Jean Cornil a aussi développé une activité de dépannage pour répondre à une demande croissante. « Il nous arrive de plus en plus souvent de réparer un tracteur, une moissonneuse-batteuse, ou simplement une crevaison. »
Cette activité annexe vient augmenter le volume d’heures de réparation et d’entretien nécessaires au bon fonctionnement du matériel. « 90 % des réparations sont faites sur place » indique Jean Cornil. Y compris lorsqu’il s’agit de mettre les mains dans des systèmes automatiques et électroniques. La moisson 2007 aura été particulièrement difficile. «Quand la campagne se déroule dans des conditions normales, on peut se permettre d’étaler les travaux en fonction de la maturité. Mais le temps a été tellement instable que tout le monde a voulu battre en même temps» regrette Jean Cornil. La période de pleine activité s’est concentrée sur «3 ou 4 jours» tout au plus.

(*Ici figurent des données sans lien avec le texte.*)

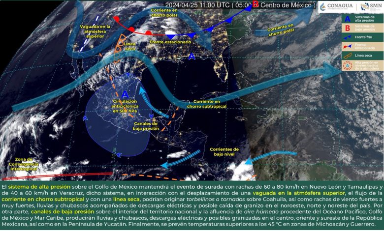 La Subsecretaría de Protección Civil del Estado (PC) informó que, durante este jueves, el sistema de alta presión sobre el Golfo de México mantendrá el evento de surada, con fuertes rachas de viento que podrían originar torbellinos o tornados en Coahuila.
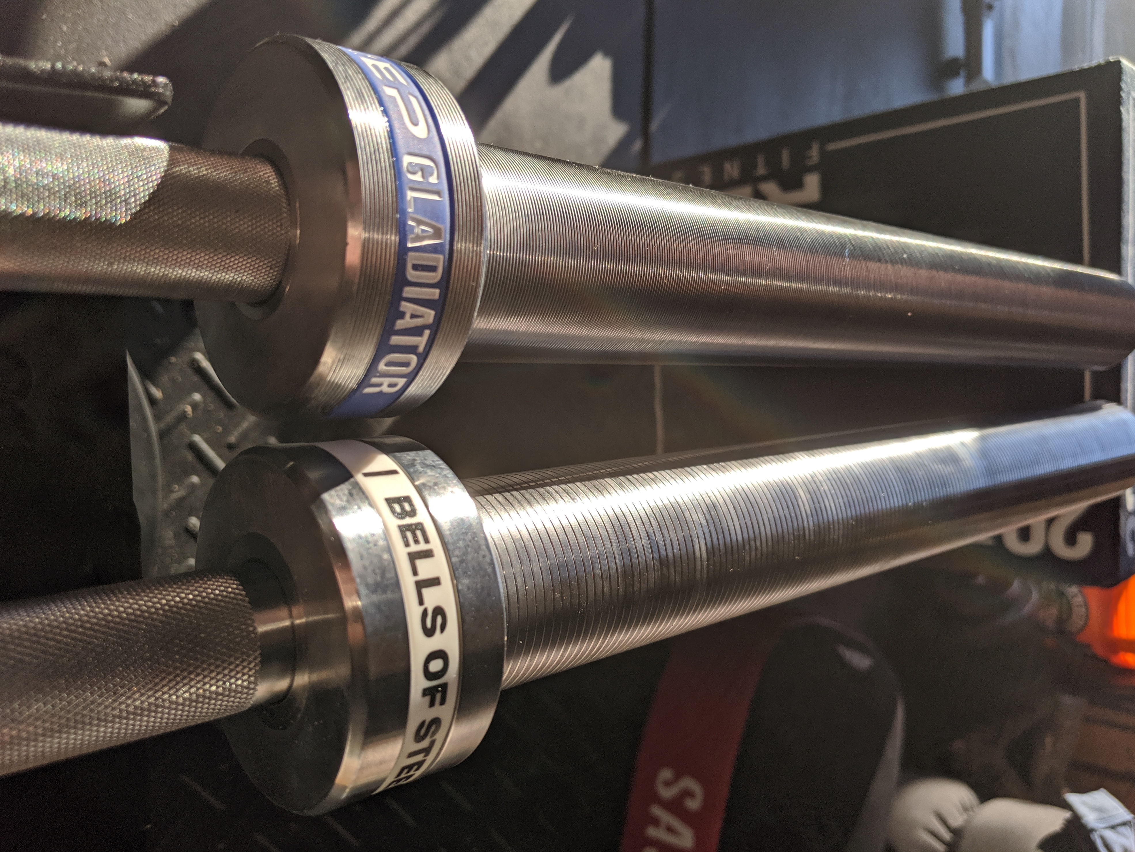 • The knurling for the Bells of Steel bar is more aggressive, while the Gladiator has more of a medium knurl (better for CrossFit workouts).

Installé à Haynecourt (59), Bernard Hurez témoigne des mêmes difficultés d’organisation. « Il a fallu travailler quasiment tous les dimanches. Et la semaine, on a dû renvoyer les chauffeurs chez eux. Avec l’humidité, la moisson a rarement commencé avant la fin d’après-midi, et souvent de manière imprévisible » poursuit M. Hurez.
Le client est roi
« Si on a un beau temps avec nous, la moisson se déroule dans de bonnes conditions » constate M. Cornil. Seulement, cette année, le soleil s’est joué des agriculteurs comme des entrepreneurs. « Il a fallu tout faire en même temps. D’habitude, on a une période pour battre et une autre pour presser. Là, il a fallu faire les deux quasiment en même temps (..) Le client reste roi, concède Jean Cornil. Il faut savoir que si les conditions sont mauvaises pour l’agriculteur, elles le sont aussi pour nous et pour nos machines. » « On s’est retrouvé à faire de nouveaux clients qui n’arrivaient plus à passer avec leurs machines ou qui étaient pressés par le temps » explique l’entrepreneur d’Haynecourt. Quant aux entrepreneurs itinérants qui sillonnent la France, « je doute qu’ils aient gagné quelque chose cette année » analyse Bernard Hurez.